[What to do]: Where a picture shows up in the listing below, omit it and output the rest exactly.

[Supplied material]:
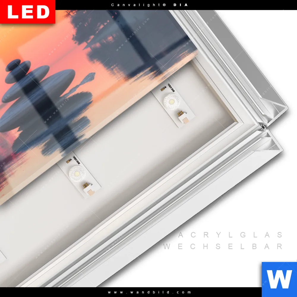 LED-Glasbild mit austauschbarem Acrylglas-Druck (Wechselbild)
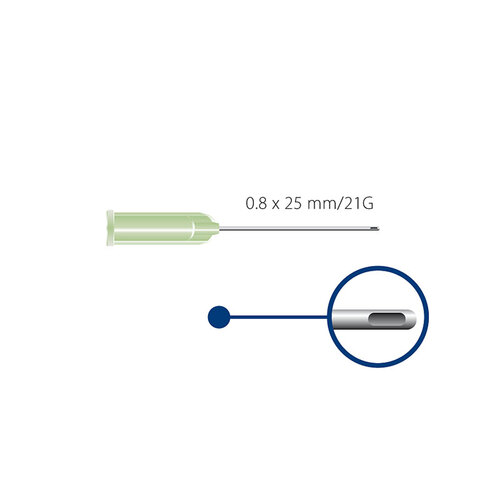 Steriili huuhteluneula sivuttaisaukolla. 0,8 x 25 mm. Luer kiinnitys.
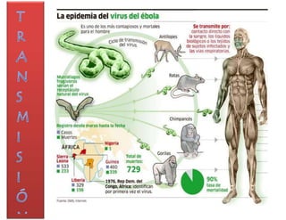 Este documento proporciona información sobre el virus del Ébola, incluyendo sus características, transmisión, síntomas, diagnóstico y tratamiento. El virus del Ébola causa una enfermedad grave conocida como fiebre hemorrágica del Ébola y se transmite a través del contacto directo con sangre u otros fluidos corporales de personas infectadas. Los síntomas incluyen fiebre, debilidad severa, dolor de cabeza y de garganta, y puede conducir a hemorragias internas y externas. No existe una

[Response box]:
 LED-Glasbild mit austauschbarem Acrylglas-Druck (Wechselbild)
 Steriili huuhteluneula sivuttaisaukolla. 0,8 x 25 mm. Luer kiinnitys.
 Este documento proporciona información sobre el virus del Ébola, incluyendo sus características, transmisión, síntomas, diagnóstico y tratamiento. El virus del Ébola causa una enfermedad grave conocida como fiebre hemorrágica del Ébola y se transmite a través del contacto directo con sangre u otros fluidos corporales de personas infectadas. Los síntomas incluyen fiebre, debilidad severa, dolor de cabeza y de garganta, y puede conducir a hemorragias internas y externas. No existe una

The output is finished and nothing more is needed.